══ The input
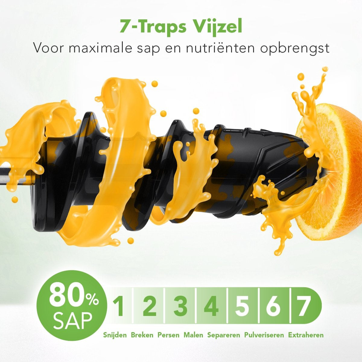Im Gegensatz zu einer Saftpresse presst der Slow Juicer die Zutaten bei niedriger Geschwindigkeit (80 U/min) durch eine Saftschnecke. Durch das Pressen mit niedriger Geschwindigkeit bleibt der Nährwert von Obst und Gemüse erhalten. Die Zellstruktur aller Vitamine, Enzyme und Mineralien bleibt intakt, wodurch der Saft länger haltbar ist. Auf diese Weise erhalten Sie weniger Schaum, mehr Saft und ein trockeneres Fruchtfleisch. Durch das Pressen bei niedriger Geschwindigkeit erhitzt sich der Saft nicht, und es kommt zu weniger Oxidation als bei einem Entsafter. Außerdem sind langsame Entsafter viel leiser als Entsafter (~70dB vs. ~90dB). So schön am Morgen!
════
══ The input
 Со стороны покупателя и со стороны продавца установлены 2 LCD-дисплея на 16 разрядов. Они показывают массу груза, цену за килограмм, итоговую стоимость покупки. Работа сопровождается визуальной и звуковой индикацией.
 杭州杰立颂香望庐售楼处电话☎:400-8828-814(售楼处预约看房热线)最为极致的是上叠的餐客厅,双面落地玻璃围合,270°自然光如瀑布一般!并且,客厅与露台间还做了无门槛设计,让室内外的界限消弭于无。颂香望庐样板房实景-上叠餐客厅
════
══ The input
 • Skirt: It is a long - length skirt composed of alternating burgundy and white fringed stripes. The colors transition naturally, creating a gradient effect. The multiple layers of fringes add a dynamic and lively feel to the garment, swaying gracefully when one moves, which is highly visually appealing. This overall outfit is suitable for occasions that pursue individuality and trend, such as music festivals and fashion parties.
════
Task instructions: Using only the entries above, output the line with "Со стороны покупателя", the line with "杭州杰立颂香望庐售楼处电话☎", and all lines between them, exactly as they stand.

Output for this exercise:
 Со стороны покупателя и со стороны продавца установлены 2 LCD-дисплея на 16 разрядов. Они показывают массу груза, цену за килограмм, итоговую стоимость покупки. Работа сопровождается визуальной и звуковой индикацией.
 杭州杰立颂香望庐售楼处电话☎:400-8828-814(售楼处预约看房热线)最为极致的是上叠的餐客厅,双面落地玻璃围合,270°自然光如瀑布一般!并且,客厅与露台间还做了无门槛设计,让室内外的界限消弭于无。颂香望庐样板房实景-上叠餐客厅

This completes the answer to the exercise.